American-born Israeli author and tour guide

Walter Zanger (וולטר זנגר; 1935–2015), was an American-born Israeli author, tour guide and television personality. He was a contributor to newspapers, encyclopedias and magazines, and served as a member of the editorial board of the Jewish Bible Society.

==Biography==
Walter Zanger was born in Brooklyn, New York in 1935. He moved with his family to Jerusalem, Israel in 1966 and resided in the city's Ein Karem neighborhood until his death in 2015.

==Education==
Zanger graduated from Amherst College with a Bachelor of Arts cum laude in 1956.

He then studied at the Hebrew Union College-Jewish Institute of Religion in New York, graduating with a Bachelor of Hebrew Letters in 1958. Zanger was also a student at the Hebrew University of Jerusalem. He received a Masters of Arts from the Hebrew Union College-Jewish Institute of Religion and was ordained as a Reform rabbi in 1962.

==Rabbinical career==
Zanger served as the rabbi of the Harford County Jewish Center in Aberdeen, Maryland from 1959 to 1961 and as the rabbi of Temple Sinai in Massapequa, New York from 1961 to 1962. Afterwards, he served as a chaplain (with the rank of captain) in the U.S. Air Force in Southeast Asia from 1962 to 1964.

In 2000 he officiated the second bar mitzvah of Rabbi Morrison David Bial. Rabbi Bial had officiated Zanger's own bar mitzvah 52 years earlier.

==Publications==
Zanger was an assistant to the publisher and contributor to the Encyclopaedia Judaica from 1966 to 1972 and wrote for the Biblical Archaeology Society and the Jewish Bible Quarterly He authored several books, including Jerusalem: Holy City to the World's Religions (Great Cities Library) Zanger wrote FROM JERUSALEM, a personal, non-partisan newsletter addressing current events in Israel.
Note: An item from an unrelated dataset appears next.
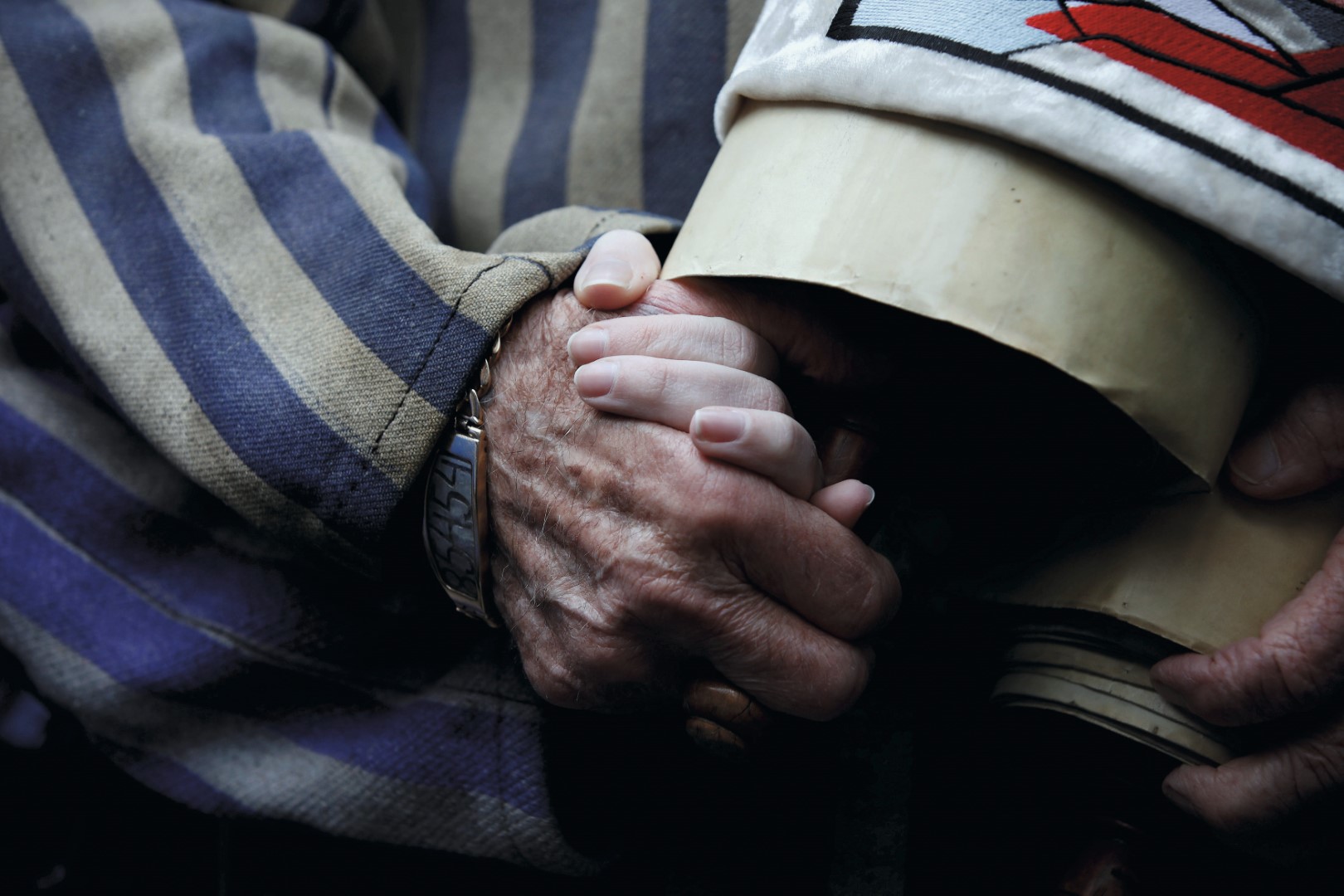 Fotografía de Kacper Pempel, en la “Marcha Anual de los Vivos” que conmemora el Holocausto en el antiguo campo de exterminio nazi de Auschwitz. Edward Mosberg, sobreviviente del Holocausto, sostiene la mano de su nieta Jordana Karger en la “Marcha Anual de los Vivos”.

Zanger lectured at the University of South Florida, Amherst College, and at the Jewish Bible Association's Dr. Louis Katzoff Memorial Lecture.

==Tour guide==
Zanger was a licensed Israeli Master Guide. He was an expert at taking Christians and Jews to their sacred places. His expertise as a tour guide led him to become a television personality. He was featured on 11 episodes (1994-1996) of A&E's Mysteries of the Bible as one of Israel's leading guides.

==Awards and recognition==
Zanger was a recipient of the Ministry of Tourism "Distinguished Tourism Employee" award. He received an honorary doctor of divinity from the Hebrew Union College—Jewish Institute of Religion in Jerusalem in 2007. He served in an anti-aircraft battalion in the Israel Defense Forces, and, after his discharge was an active volunteer in the Tourism Unit of the Israel Police.

==Legacy==
At his Amherst College 50th class reunion Zanger wrote "I always just did whatever seemed the right thing at the time, and it always worked out. My life has been -- by far! -- more luck than brains, and I feel fine about that." Walter Zanger died on August 28, 2015.